In 1956 and 1964, the local government refurbished the temple.

In 1966, Mao Zedong launched the Cultural Revolution, the Red Guards had attacked the temple, statues of Buddha were smashed and the building were used as a factory attached to No. 101 Middle School.

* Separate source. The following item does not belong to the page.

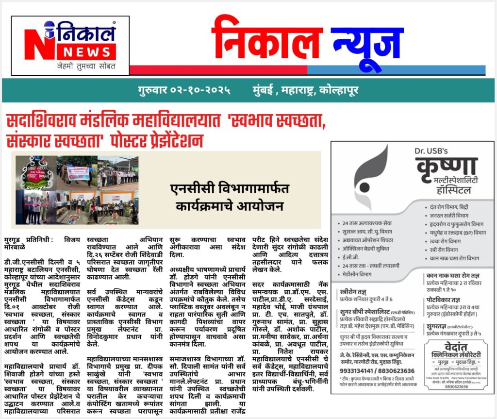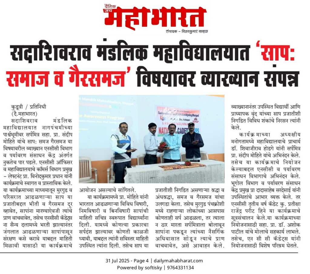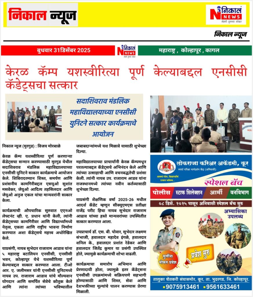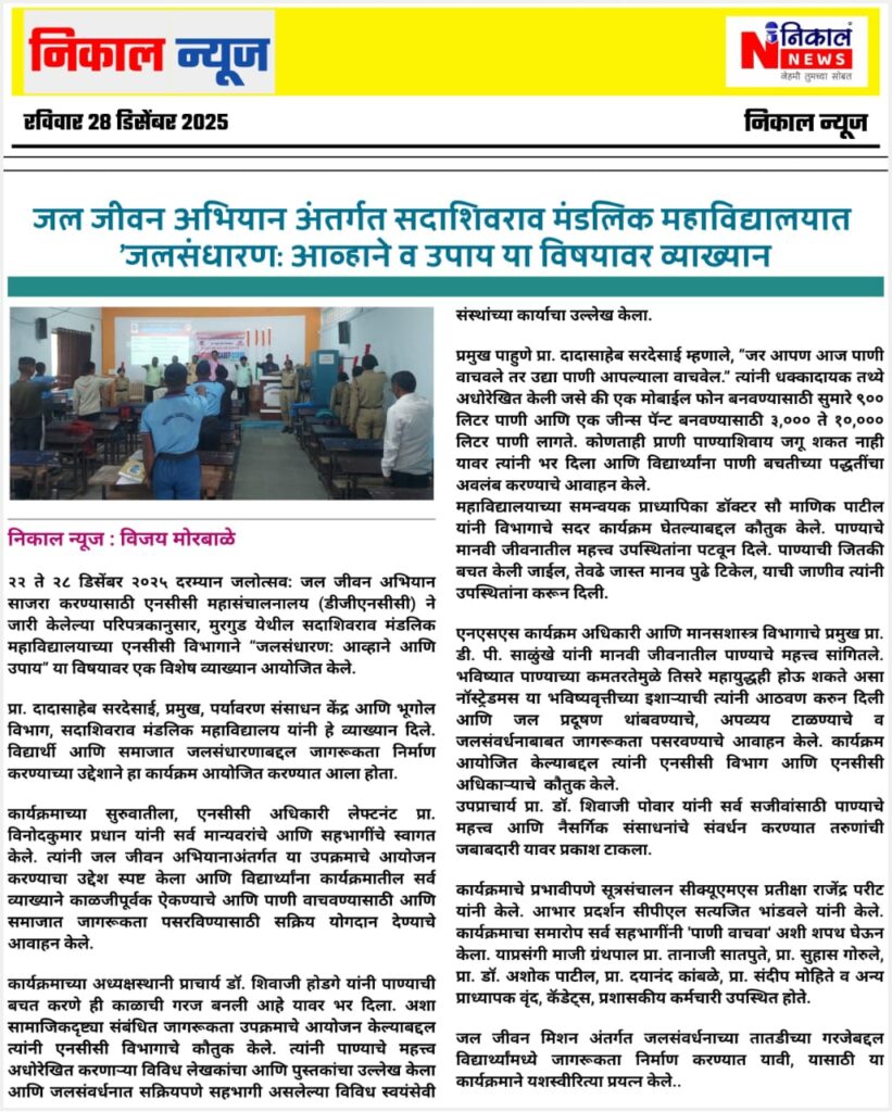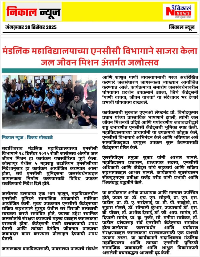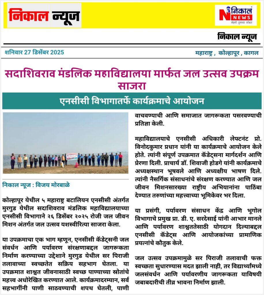 The Department of NCC of Sadashivrao Mandlik Mahavidyalaya, Murgud, under 5 Maharashtra Battalion NCC, Kolhapur, successfully celebrated Jal Utsav SSCD Activity under the Jal Jeevan Mission from 22 to 28 December 2025.

After the 3rd Plenary Session of the 11th Central Committee of the Chinese Communist Party, according to the national policy of free religious belief, Dizang Temple reactivated its religious activities.

Dizang Temple has been inscribed to the National Key Buddhist Temples in Han Chinese Area List in 1983.

In July 2002, the temple was designated as a municipal level cultural heritage by the Changchun Municipal Government.

==Architecture==
Now the existing buildings of Dizang Temple are the Shanmen, Hall of Four Heavenly Kings, Mahavira Hall, Hall of Kṣitigarbha and Buddhist Texts Library.

===Hall of Four Heavenly Kings===
The Maitreya Buddha, Skanda and Four Heavenly Kings' statues are enshrined in the Hall of Four Heavenly Kings.

===Mahavira Hall===
The Mahavira Hall is the main hall in the temple enshrining the statues of Sakyamuni, Guanyin and Kṣitigarbha. Ananda and Kassapa Buddha stand on both left and right side of the statue of Sakyamuni.

==Abbot==
Shi Anhong (释安宏) is the abbot of Dizang Temple. She was born Zhang Yujie (张玉杰) on March 26, 1967, in Changchun, Jilin, received ordination as a Bhikkhuni in 1978, and graduated from Wanshilian Buddhist College in Xiamen, Fujian in 1988.